More about the author: Leslie Berlin

Leslie Berlin tells how she came to write about Robert Noyce: “I knew I wanted to write about the history of Silicon Valley and began reading everything I could on the subject. Soon, I noticed that one name – Bob Noyce – kept coming up.

“If I wanted to learn about invention, there Noyce was with his seminal work on the integrated circuit, the device at the heart of the electronics revolution. If high-tech entrepreneurship was the topic, Noyce appeared, front and center, founding Intel and Fairchild Semiconductor. The role of government in the formation of Silicon Valley? The work of venture capitalists and angel investors?
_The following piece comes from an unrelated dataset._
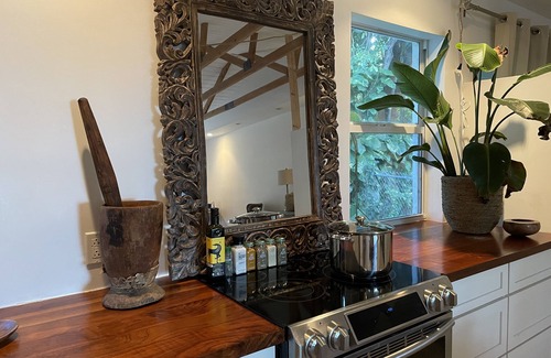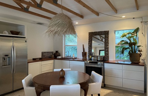 Unwind with a Bay view, approx. 1 hour from Miami airport. Access to mini beach, great sunsets and boat ramp, swimming, kayaks and paddle board. Fully stocked kitchen with organic oils and slices. Close to great restaurants, shops and just 1 mile to the best beach in the upper keys. White linens compliment teak furniture from Bali, Morrocan light fixtures, custom walnut countertops, marble restoration hardware vanities and wing backs from pottery barn. Tropical garden, outdoor dinning & private patios with water views. Relax on your covered porch on lux chairs from Restoration Hardware Ibiza collection, or dine alfresco. Unwind in the garden overlooking the water while sitting in wingback chairs from Pottery Barn. Sit under the palm trees and native jumpo limbo trees while watching the water.

Again Noyce played prominent roles. And Noyce, a daredevil adventurer, seemed to embody the risk-seeking culture of Silicon Valley.

“I decided that the best way to get a handle on the origins of the high-tech revolution would be to read a biography of this Noyce fellow,” Berlin continues. “But when I looked for the biography, there was none. So I set out to write one.”

Photo by Aicha Nystrom

Almost ten years later, the biography is here. Berlin’s training as a historian and her narrative skills honed as a onetime speechwriter for a Fortune 500 CEO enable her to tell Noyce’s story in language “so engagingly narrated,” as one reviewer put it, “that you don't realize how much business and technology you are learning along the way.” Berlin draws on more than 100 interviews and dozens of never-before-seen documents to bring Noyce’s story to life.

A Visiting Scholar in the History and Philosophy of Science and Technology at Stanford, Berlin is also Project Historian for the Silicon Valley Archives, a division of the Stanford University Department of Special Collections. In this capacity, she working to find and preserve key papers and artifacts pertaining to the history of Silicon Valley. “Capturing the history of a place that considers self-obsolescence the pinnacle of success is not easy, but it is important,” Berlin says. “In a region so focused on the future, it is essential that we also do not forget the past.”

Berlin lives in the San Francisco Bay Area. She holds a Ph.D. in History from Stanford and a B.A. in American Studies from Yale. The Man Behind the Microchip: Robert Noyce and the Invention of Silicon Valley is her first book.